VR has become affordable and accessible to consumers. Neuroscience research can benefit from the tight control of visual and auditory stimuli and the immersion that VR can afford. I compiled a list of the opportunities that cheap, commodity VR headsets bring to human neuroscience.
What can you do with VR?
Virtual navigation in VR
Negative example.
The graphics in this 2002 review are dated, but the content is still relevant for today. VR has remained in use in neuroscience, typically:
- Navigation and memory: blocked light VR can be used to simulate navigation in different environments, either on a treadmill or in large empty room. We can study people’s navigation strategies, how cognitive maps develop, or how uncontrolled changes in the environment can hurt memory.
- Visual psychophysics: VR allows the precise presentation of binocular visual stimuli.
- Body representations and illusions: we can study body representations by modifying how one’s body is rendered. We can also create convincing representations of an arm that has been amputated or create full-body illusions. It’s even possible to change one’s body representation to that of an animal with a different body plan and study how representations evolve.
- Motor learning: thanks to precise tracking, we can study how complex motor skills are acquired and evolve over time.
- Rehabilitation and clinical research: stroke survivors can benefit from immersion in a virtual environment where their loss of function is not readily visible. Burn victims feel pain relief by immersing themselves in a cool environment. People with visual hemi-neglect can benefit from a functional evaluation in an ecologically relevant environment.
Consumer hardware
What’s really changed is the new opportunities brought by cheap consumer and prosumer headsets. I’m talking specifically about headsets with 6 degrees of freedom (6dof) tracking, that track both the orientation and the position of the hand, and are available for anywhere between 500 and 3000$ US. These headsets come in a variety of shapes and sizes, with some popular examples including:

- The Oculus Quest. This standalone headset doesn’t require a computer and can be carried in a cereal-box-sized carrying case with a total weight of less than 2 lbs. That makes it the most portable 6dof headset on the market right now.
- The Oculus Rift S and Windows MR headsets such as the Samsung Odyssey, which are tethered to a computer with a beefy GPU. These use inside-out tracking, which means there’s no extra equipment (i.e. lighthouses) to install. They can be still be somewhat mobile with a gaming laptop. Access to a beefy GPU, however, means development can be easier because we are not resource-constrained.
- The Valve Index, a higher end headset with controllers that don’t need to be constantly gripped, allowing a larger range of applications when looking a motor skill acquisition. This one requires lighthouses and therefore is not very portable.
- The HTC Vive Pro Eye. This brings eye tracking to the table, important for visual neuroscience applications. It also supports affordable foot representation and representing real objects in the virtual world with extra trackers.
Disclaimer: I worked for Oculus Research/FRL for two years, so I’m more familiar with Oculus products. Please mention it if I’ve missed an important piece of hardware.
These can be connected to many accessories that can potentially improve the range of opportunities, for instance treadmills, external tracking sensors for full body tracking, and devices that bring hand presence without controllers.
What does VR commodification mean for the lab?
Better tools
Many old reviews of VR in neuroscience state that the tools are hard to use. I dinstinctly remember sitting in an undergrad class well over ten years ago with Dr. Veronique Bohbot sharing how she struggled with Unreal tournament to implement an 8-arm maze.

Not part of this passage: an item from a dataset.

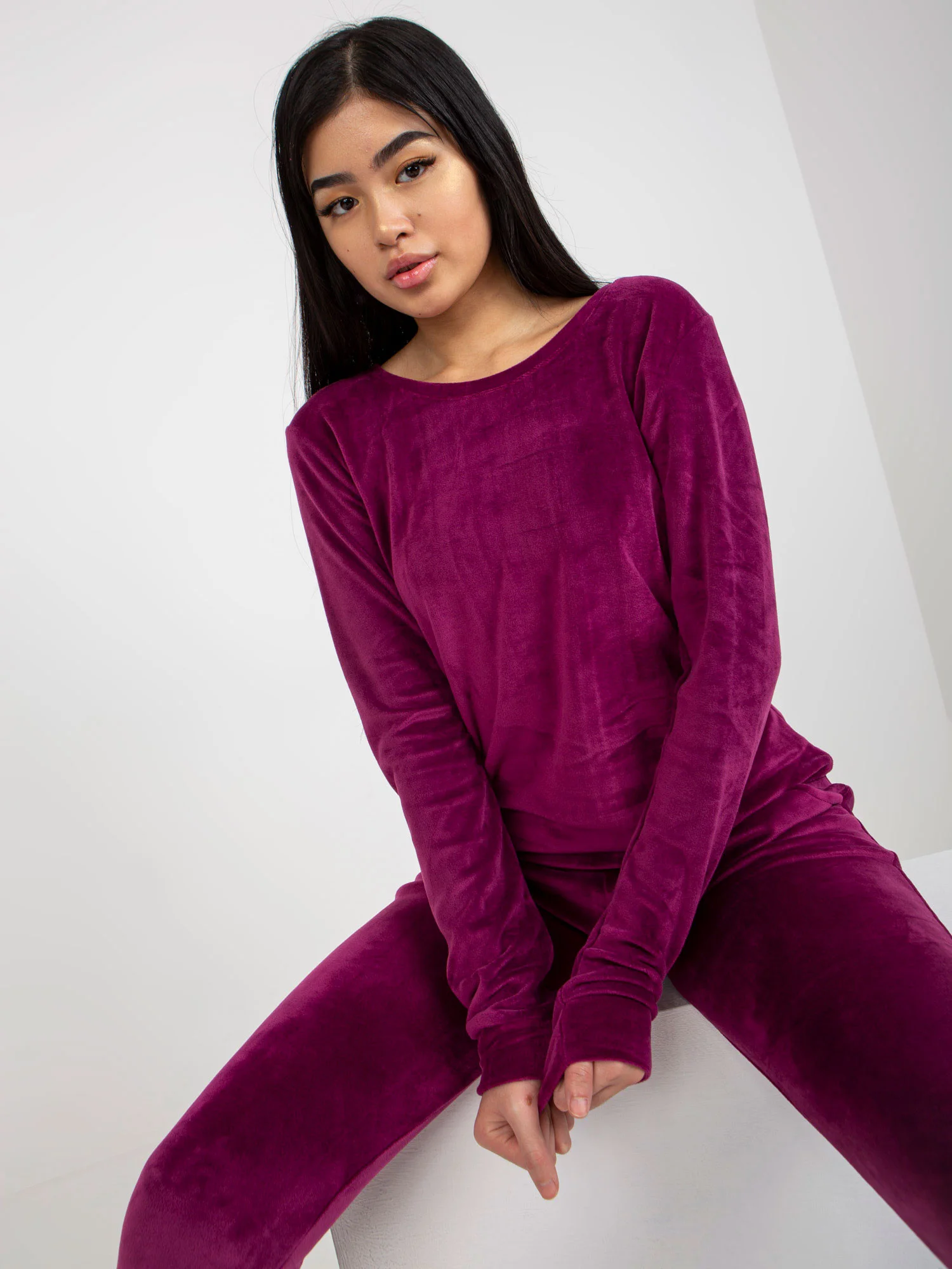 Fialový velúrový set s nohavicami Clarisa RUE PARIS . Kód výrobku: RV-KMPL-6083.05 dominantný vzor: žiadny vzor štýl: ležérny príležitosť: ležérna, mesto, prechádzka, škola Modelka má na sebe veľkosť S. Rozmery modelky: výška 167 cm, prsia 73 cm, pás 64 cm, boky 91 cm. Rozmery súpravy vo veľkosti S merané na plocho: šírka v podpazuší - 45 cm, dĺžka rukávov - 58 cm, dĺžka blúzky - 60 cm, šírka v páse - 35 cm, dĺžka nohavíc - 98 cm.Veľkosť Alt.VýškaObvod hrudníkaVonkajší. dĺžka. rukávVnútorný. dĺžka rukávovS36160-164825949M38162-172866151L40164-174916353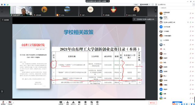 为进一步推动学院创新创业工作,深入做好互联网+创新创业大赛的组织发动工作,1月18日晚,我院举行第九届williamhill中国“互联网+”大学生创新创业大赛第一次培训会,本次培训会邀请学校创新创业学院教育研究中心主任马立修、学院创新创业指导教师庄洪业老师,为参赛选手进行指导和答疑解惑。学院部分教师及全体参赛同学共同参与此次线上培训会。

The tools have come a long way since then. To give you a concrete example of this, this tutorial shows Valem making a Beat Saber clone in VR in Unity3d in 10 minutes! Experiences can be developed in a GUI and immediately tested on a development PC. They’re accessible for someone with a programming background, and are often free for personal or academic use. The most commonly used tools are game engines with support for VR experiences:
- Unity, which is programmed in C# and is quite approachable for beginners. There are frameworks built on top of Unity, the Unity Experiment Framework and VREX to make it easier to create human behaviour experiments.
- Unreal Engine, which is scripted in C++. It tends to have a steeper learning curve but the rendering is top-notch, which can be important for immersion.
In addition, there are tools that are built especially for researchers. Vizard is a research platform that allows one to script experiences in Python. It has plugins for a lot of specialized research-grade hardware (extra trackers, data gloves). It also has comprehensive data management features built-in, e.g. replaying interactions, processing data in realtime with numpy/scipy, and streaming data out in realtime.
For more specialized visual psychophysics, PsychoPy and Psychtoolbox support the Oculus Rift, Rift S and the Quest via the Oculus Link. Rounding out the picture is WebVR and frameworks built on top of it like aframe and THREE.js which allow VR content to be authored in HTML and delivered via a web browser.
More content
Programmers and grad students don’t often have a background in 3d modeling. Nevertheless, complex environments and situations can be created with existing tools. The Unity store contains a wide range of free assets for download, from trees to grass textures to fully developed games. Google Poly showcases pre-built objects that can be readily imported into Unity.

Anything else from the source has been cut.